Abate: 5.5 – gara sottotono. Colpevole sulla rete dei padroni di casa, Rudiger lo lascia alle sue spalle. Apparso stanco esce nella ripresa. (81’ Antonelli: S.V.)

Zapata: 6 – argina discretamente il giovane Sadiq che lo impegna per buona parte del match. Perde diversi contrasti aerei, recupera nelle pecche di Romagnoli.

Romagnoli: 5.5 – disorientato fatica a rincorrere la velocità di Gervinho (quando parte) e a chiudere gli inserimenti degli avversari.

De Sciglio: 5 – il terzino che un anno fa aveva stupito per il suo alto e costante rendimento, oggi ha arrancato e solo nella ripresa ha alzato il ritmo. In stand-by.

Bertolacci: 6.5 – il migliore insieme a Bonaventura nel centrocampo rossonero. Partito in negativo e lungo sulle azioni avversarie, ritrova le misure e migliora con il passare dei minuti.

Kucka: 6.5 – assiste e coordina il lavoro di Bertolacci, si spinge più in avanti in fase di contropiede. Insacca di testa sul cross di Honda al 49’, dieci minuti dopo ha la palla del match che spreca mandando in meta.

Bonaventura: 6.5 – bravo e intelligente negli inserimenti, ha lasciato sul posto in diversi frangenti Florenzi. (84’ Niang: S.V.).

Honda: 6 – in sordina e defilato come la posizione da cui ha fatto partire l’assist per il pareggio dei suoi. Non azzarda giocate personali.

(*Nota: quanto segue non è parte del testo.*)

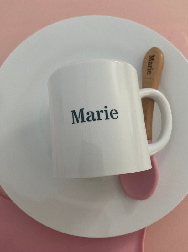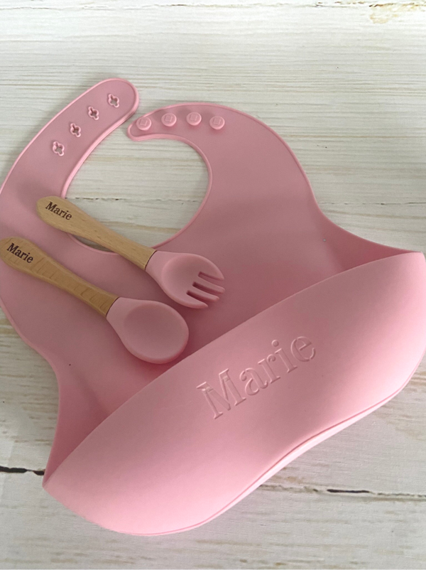 - Sillicone slab gegraveerd met naam & bamboo bestekje gegraveerd met naam, kleur roze
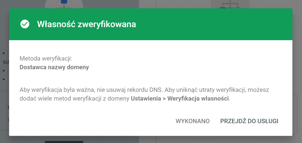 Jeśli pojawi się okno jak powyżej – wszystko przebiegło pomyślnie. Teraz już można przejść do usługi. Pamiętaj, że trzeba dodać stronę w większej ilości wariantów tj. z „www”, „http://”, „https://” , a nawet subdomeny np. twojastrona.shop.pl

Bacca: 6 – un diesel che ha bisogno di essere spronato dalla panchina. Quando trova la quadratura del cerchio potrebbe essere devastante ma forse risulta precipitoso. Si lancia nelle scorribande milaniste mettendo tutto quello che può per trarne il meglio ma colleziona un legno al 64’ a portiere battuto.

Luiz Adriano: 5 – inconcludente. Non incanta e rimedia i fischi dei tifosi rossoneri. Mihailovic è costretto a tirarlo fuori. (56’ Boateng: 6 – al ritorno nella serie A spinge sul settore sinistro e serve alcune palle invitanti ai compagni in area).